Another recipient of Nina’s graphic design skills has been Amherst Rock Climbing (ARC), for which Nina was a founding member and president. Fellow climber, current roommate, and long-time friend Mia Sanchez ’26 brought Nina to boulder with her during their first year. Nina was hooked immediately. “All of a sudden I understood what people really liked about sports,” she said. Sanchez remarked on Nina’s involvement with not only ARC, but all of the groups Nina’s a part of on campus, “She finds a way to get involved in organizations in a way that’s really true to herself,” Sanchez said.
Scholarship, Research, and Beyond
After her first year in Wiscon’s lab, Nina spent her following summer in a lab at the University of Michigan that focused on industry-related chemistry. Though intended to be an experience that would allow Nina a glimpse of her future, her time in Ann Arbor actually showed her a path she did not want to take. “I didn’t see myself working in Big Pharma or doing [agricultural chemistry], and that left me really confused,” Nina said.

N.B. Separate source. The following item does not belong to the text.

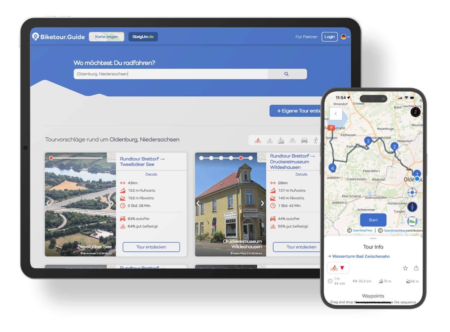 Lässt Du Dich von unseren POIs inspirieren und dorthin führen? Such Dir ein Ziel in Deiner Nähe aus, das kann ein Badesee, ein Schloss oder vielleicht ein Biergarten sein, klicke auf „Losfahren“ und der Biketour.Guide lotst Dich von Deinem Standpunkt auf der für Dich optimalen Route dorthin. Du musst also nicht erst zum Startpunkt einer bestehenden Route aufbrechen, sondern startest genau dort, wo Du gerade bist.

Despite this blow to her career ambitions, the experience functioned as the basis for the work that earned Nina the Goldwater scholarship, an honor awarded to college sophomores and juniors for excellence in science research. The application experience ended up proving especially fruitful to Nina. “To actually write about science research you’re doing just requires this whole other level of understanding,” she said. “To really sell it to someone else and say, ‘hey, the work I’m doing is important,’ … that’s how you get funding, that’s how you work as a scientist.”
Going into her junior year unsure of what her career would look like, Nina quickly revised her trajectory in response to a cascade of climate change related catastrophes in 2024: one of the worst hurricane seasons in years, followed by the destructive Palisades fires. “I remember looking at my phone every day and seeing people’s entire houses and lives getting destroyed,” Nina recounted. “I had this moment of, ‘if I’m doing science, I have to do climate science.’”
During her junior year, Nina began to conceptualize this reorientation. “I did a hard pivot and started thinking about, ‘what are ways that I can use chemistry in an environmental context?’” she said. Nina then fell into the rabbit hole of chemical oceanography, a field she described as “using chemical systems to understand things like climate, the environment, and biological metabolic processes that happen in the ocean.”
The rabbit hole eventually turned into a summer spent at Woods Hole Oceanographic Institution on Cape Cod, where Nina processed massive data sets of water characteristics measured by autonomous underwater vehicles. Nina will continue this work as she pursues her Ph.D. in the Oceans Department at Stanford University’s Doerr School of Sustainability. With a huge grin on her face while describing her future work, Nina once again delivered a sentence that for some would be concerning, but for her was cause for delight: “I’m going to be out on boats for 30 days at a time to collect thousands of bottles of water to test in the lab and run samples.”
While the people in Nina’s life are worrying about how they’re supposed to contact her while she’s at sea, they could not be more proud and less surprised about Nina’s future. As Wiscons put it, “I have high hopes that she will continue pursuing whatever is meaningful to her, regardless of whether it seems like the thing that other people would [tell] her to do, and I think that that’s really consistent with who she is as a person.”